=== YOUR OBJECTIVE ===
Would you return the listing exactly as written, apart from its pictures?

=== COLLECTED DATA ===
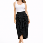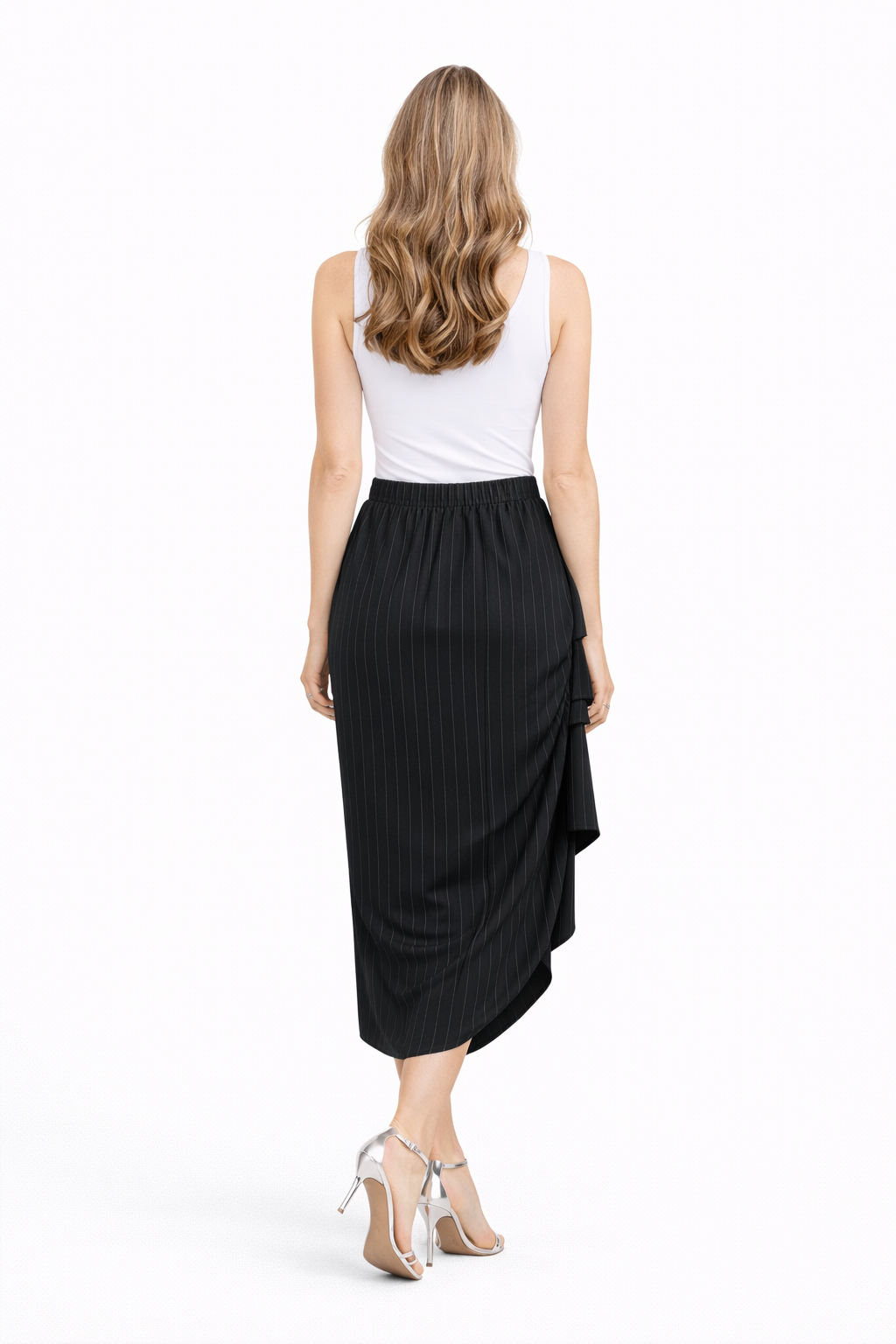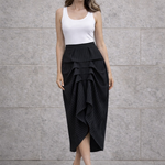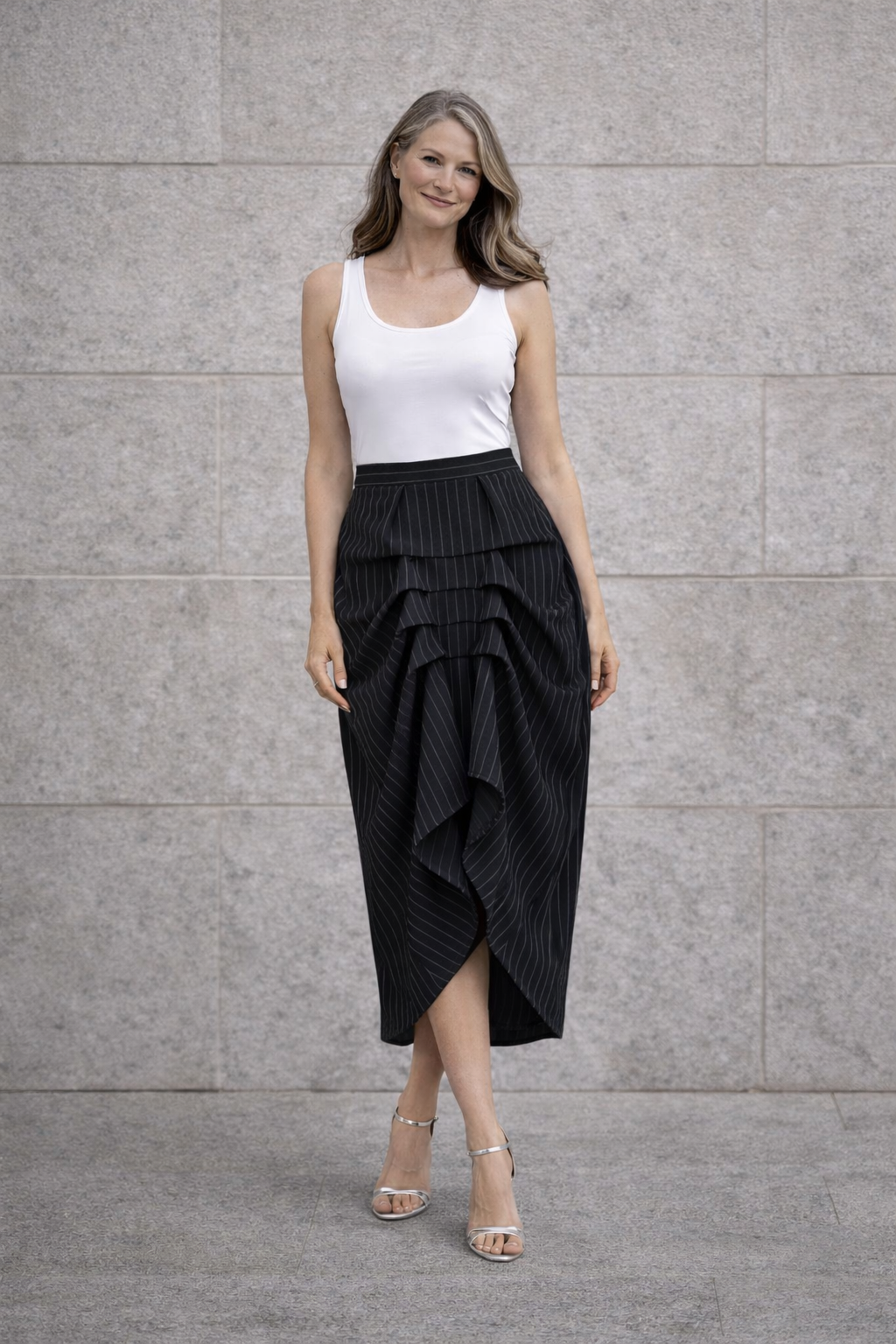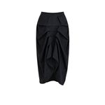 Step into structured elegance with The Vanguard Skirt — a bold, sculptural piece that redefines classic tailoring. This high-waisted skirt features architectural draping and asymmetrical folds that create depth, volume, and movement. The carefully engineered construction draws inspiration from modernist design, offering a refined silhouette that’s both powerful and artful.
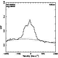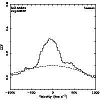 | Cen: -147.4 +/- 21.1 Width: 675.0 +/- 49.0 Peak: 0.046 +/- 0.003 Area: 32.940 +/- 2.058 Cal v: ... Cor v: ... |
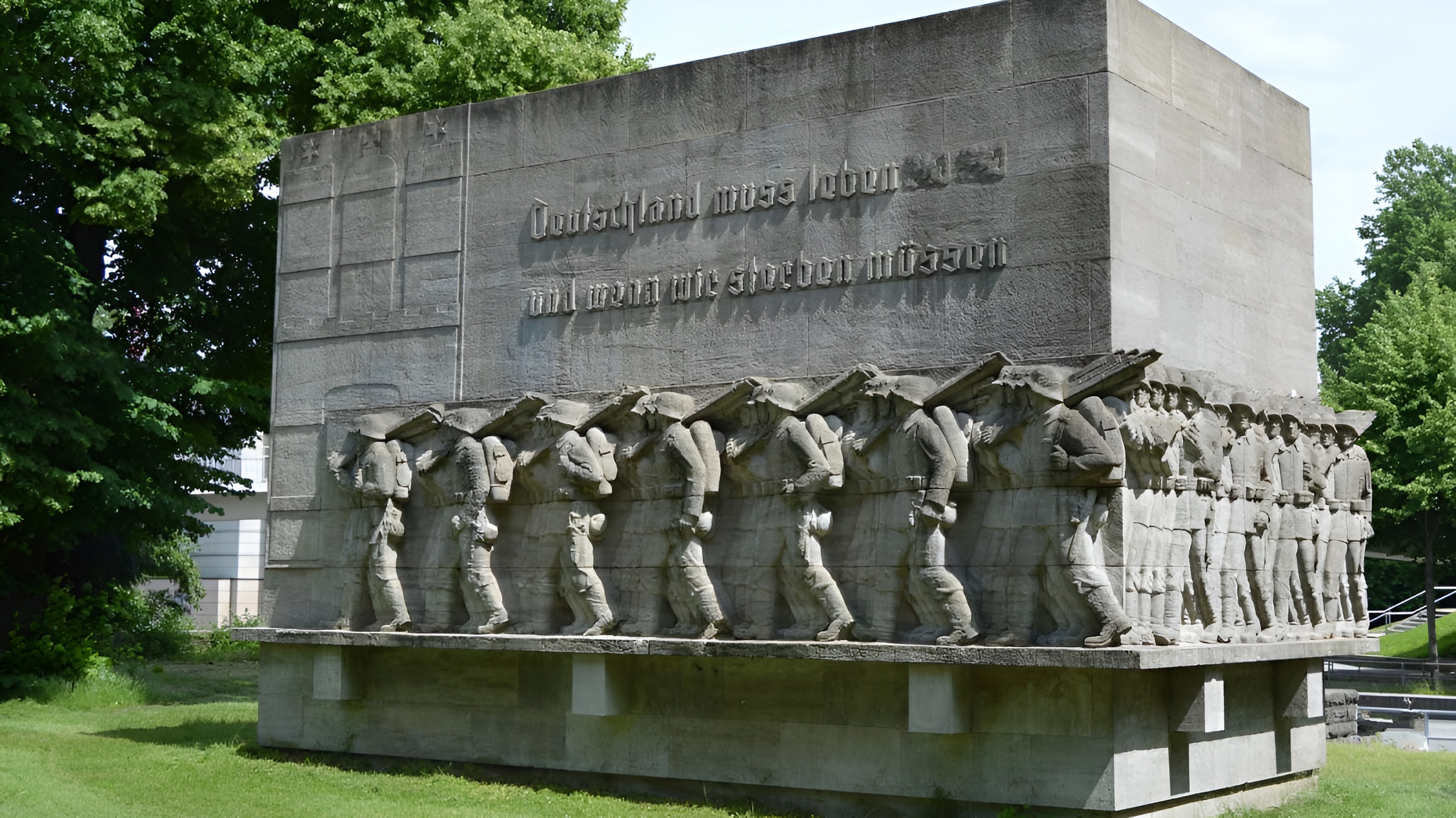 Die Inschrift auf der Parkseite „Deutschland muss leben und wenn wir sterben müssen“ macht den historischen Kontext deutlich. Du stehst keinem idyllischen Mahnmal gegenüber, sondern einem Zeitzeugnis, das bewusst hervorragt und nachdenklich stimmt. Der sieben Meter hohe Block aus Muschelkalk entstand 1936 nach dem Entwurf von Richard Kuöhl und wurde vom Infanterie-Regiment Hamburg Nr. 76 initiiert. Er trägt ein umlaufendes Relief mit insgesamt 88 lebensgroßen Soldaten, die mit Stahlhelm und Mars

=== REPLY ===
 Step into structured elegance with The Vanguard Skirt — a bold, sculptural piece that redefines classic tailoring. This high-waisted skirt features architectural draping and asymmetrical folds that create depth, volume, and movement. The carefully engineered construction draws inspiration from modernist design, offering a refined silhouette that’s both powerful and artful.
 | Cen: -147.4 +/- 21.1 Width: 675.0 +/- 49.0 Peak: 0.046 +/- 0.003 Area: 32.940 +/- 2.058 Cal v: ... Cor v: ... |
 Die Inschrift auf der Parkseite „Deutschland muss leben und wenn wir sterben müssen“ macht den historischen Kontext deutlich. Du stehst keinem idyllischen Mahnmal gegenüber, sondern einem Zeitzeugnis, das bewusst hervorragt und nachdenklich stimmt. Der sieben Meter hohe Block aus Muschelkalk entstand 1936 nach dem Entwurf von Richard Kuöhl und wurde vom Infanterie-Regiment Hamburg Nr. 76 initiiert. Er trägt ein umlaufendes Relief mit insgesamt 88 lebensgroßen Soldaten, die mit Stahlhelm und Mars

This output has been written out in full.